Adoption of New Standards and Interpretations, and Recent Accounting Pronouncements

The Company has reviewed new and revised accounting pronouncements that have been issued but are not yet effective. The Company has not early adopted any new standards. The new standards and recent accounting pronouncements are set out in Note 2 to the audited financial statements for the years ended June 30, 2024 and 2023.

Subsequent Events

During April 2025, the Company settled $139,313 of accounts payable and accrued liabilities in exchange for 1,160,944 common shares at a deemed price of $0.12 per share. 87,500 of these shares were issued to companies controlled by directors of the Company, 52,000 shares were issued to an officer of the Company and 801,765 shares were issued a separate management entity providing fractional CFO services.

During April 2025, 283,334 common shares were issued to an officer of the Company in connection with the vesting of RSUs.

Use of Proceeds Disclosure

Issuers that have raised funds from financing are required to disclose how financing was spent in relation to original expenditure plans.

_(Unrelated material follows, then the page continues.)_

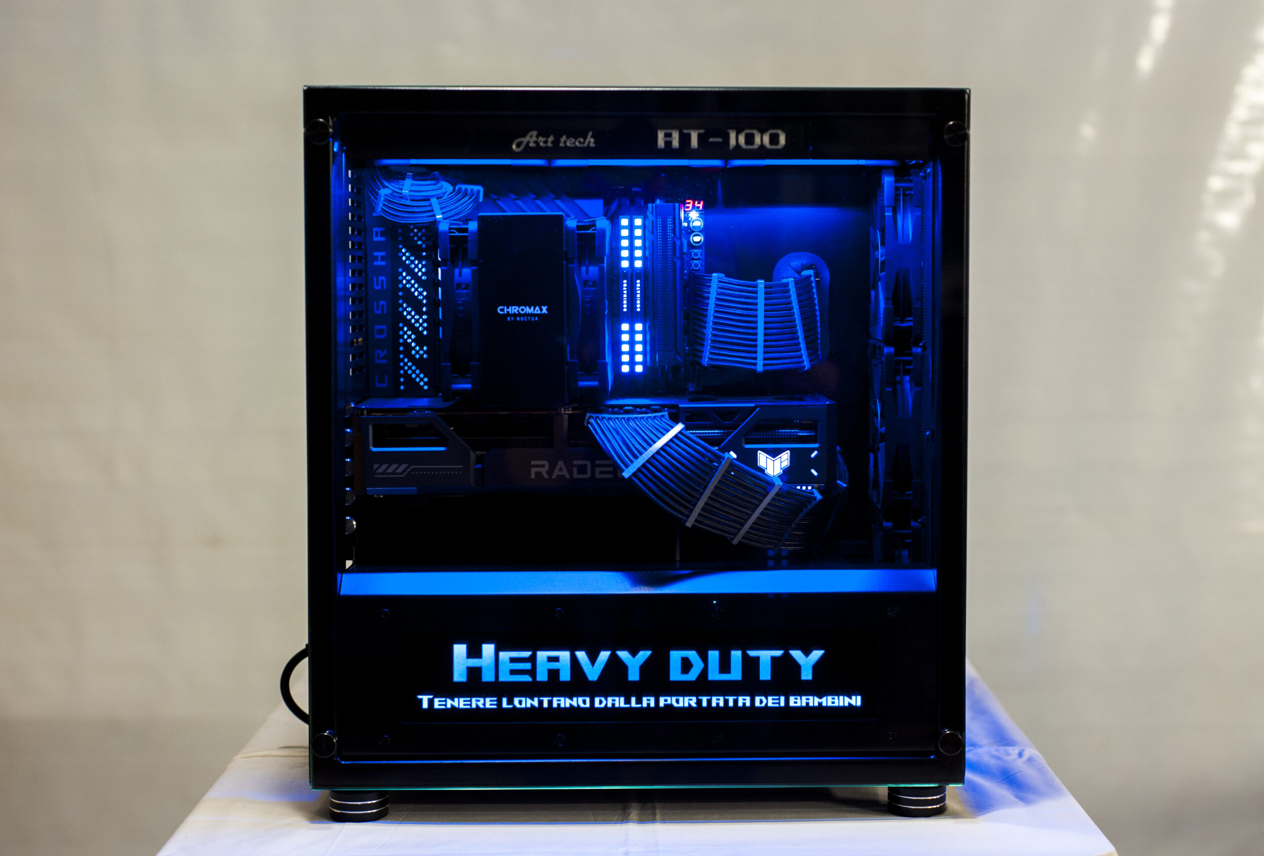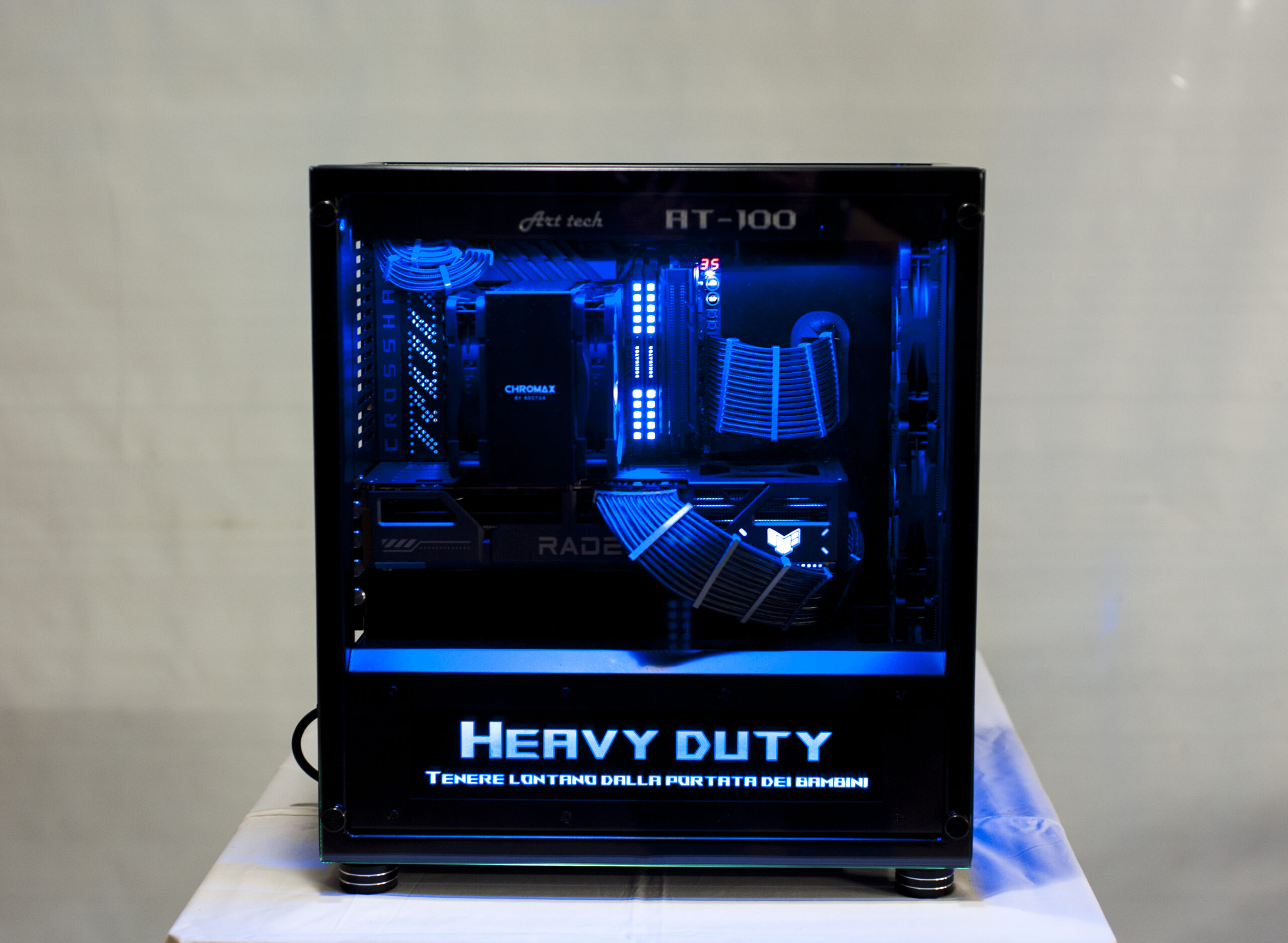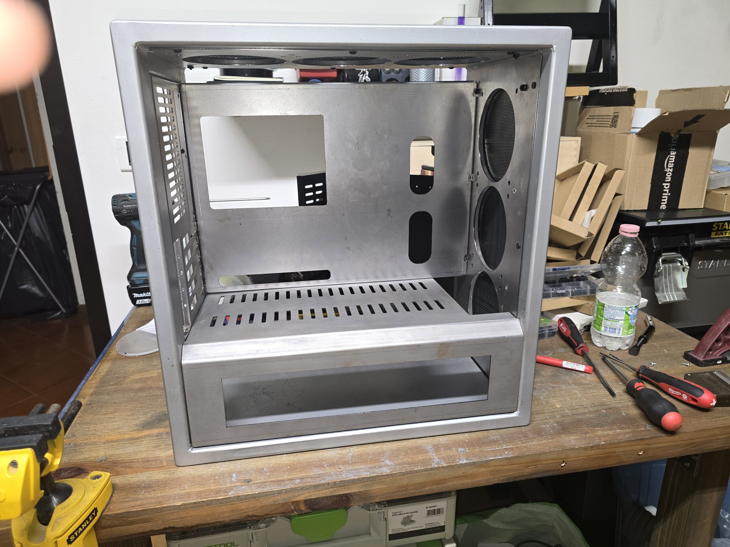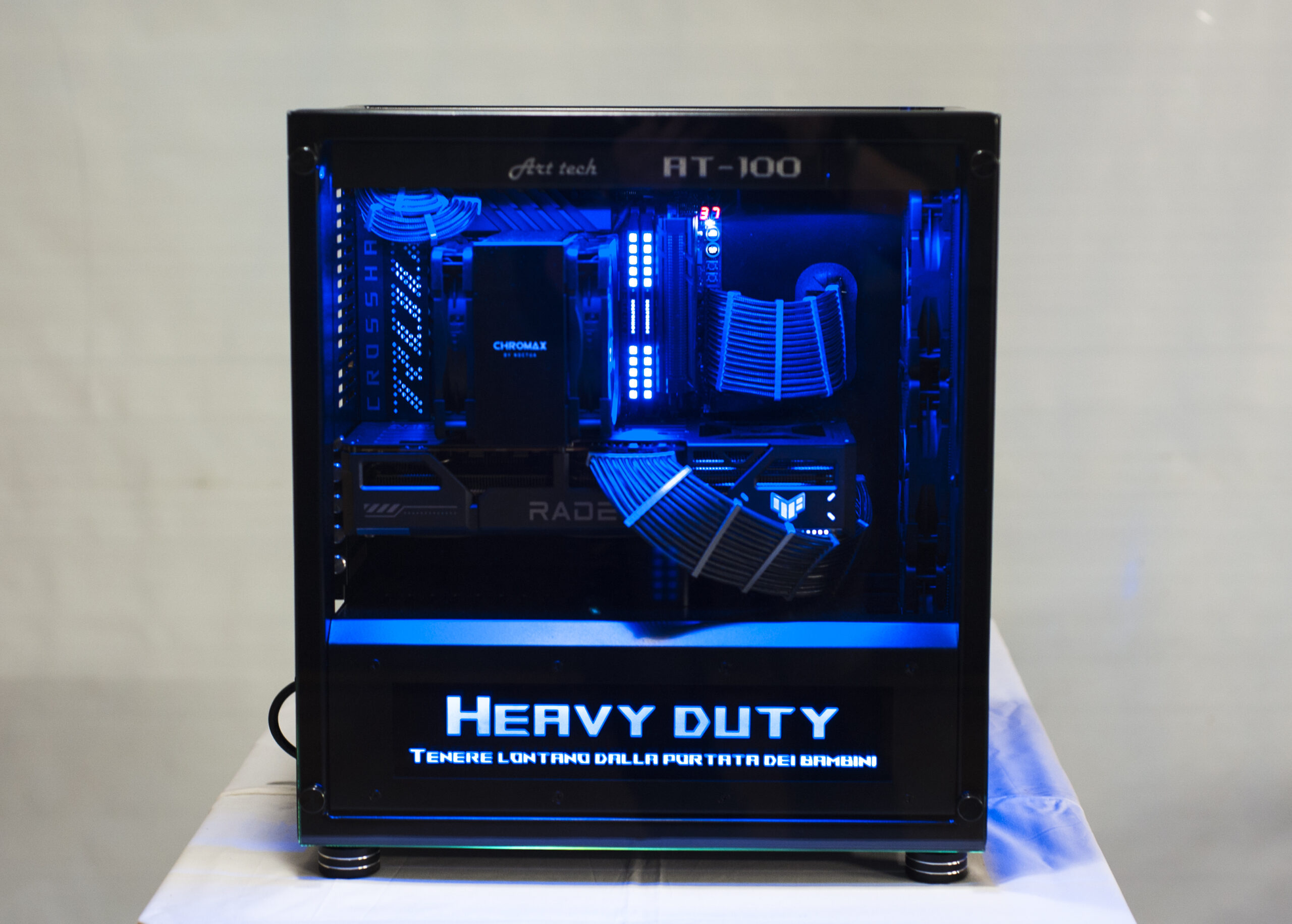 Case interamente costruito su misura per ottenere il massimo con gli spazi interni e l’ingombro richiesti, questa build soddisfa chi cerca il massimo a livello costruttivo ma anche chi cerca un design accattivante. Telaio monoblocco e pannelli interni ed esterni realizzati in acciaio per eliminare ogni vibrazione, non è presente nemmeno un rivetto nell’intera costruzione ed ogni pannello è facilmente removibile con un semplice cacciavite. Il pannello frontale e quello superiore sono magnetici e permettono di cambiare stile senza nemmeno un utensile, sostituendoli con altri in acciaio verniciati di altri colori, in legno di diverse essenze oppure di policarbonato con lavorazione o scritte a piacimento. L’illuminazione è integrata in tutto il case grazie a un sistema custom realizzato “ad-hoc” e infine è possibile mantenere lo stesso telaio, con gli stessi ingombri montando hardware mAtx o Atx tramite la semplice sostituzione di 3 pannelli, con sole 8 viti !!! Vi invitiamo a guardare tutte le foto per capire le enormi possibilità di una build come questa.

The following table provides this information for each of the Company's expenditure categories as disclosed.

October 2023 Flow-Through Private Placement

As at March 31, 2025 Expected Variance
Exploration expenditures $ 3,000,000 $ 3,000,000 -
Share issuance costs 523,868 523,868 -
General working capital 2,526,392 2,526,392 -
Total use of proceeds $ 6,050,260 $ 6,050,260 -

There were no differences between expected and actual expenditures as of March 31, 2025.

April 2024 Flow-Through Private Placement

As at March 31, 2025 Expected Variance
Exploration expenditures $ 259,577 $ 800,000 $(540,423)
Share issuance costs 56,000 56,000 -
Total use of proceeds $ 315,577 $ 856,000 $(540,423)

Exploration expenditures were $540,423 lower than expected. These expenditures are expected to be made throughout 2025 once the Company commences additional exploration programs on its TREO, Foothills and Hecla-Kilmer projects.

Additional Sources of Information

This MD&A has been reviewed and approved by Jared Galenzoski, P.Geo. Mr. Galenzoski has acted as a Qualified Person responsible for preparing, reviewing and approving all technical information disclosed by the Company, as required by National Instrument 43-101.

Additional information relating to the Company can be found on the SEDAR website at www.sedarplus.ca.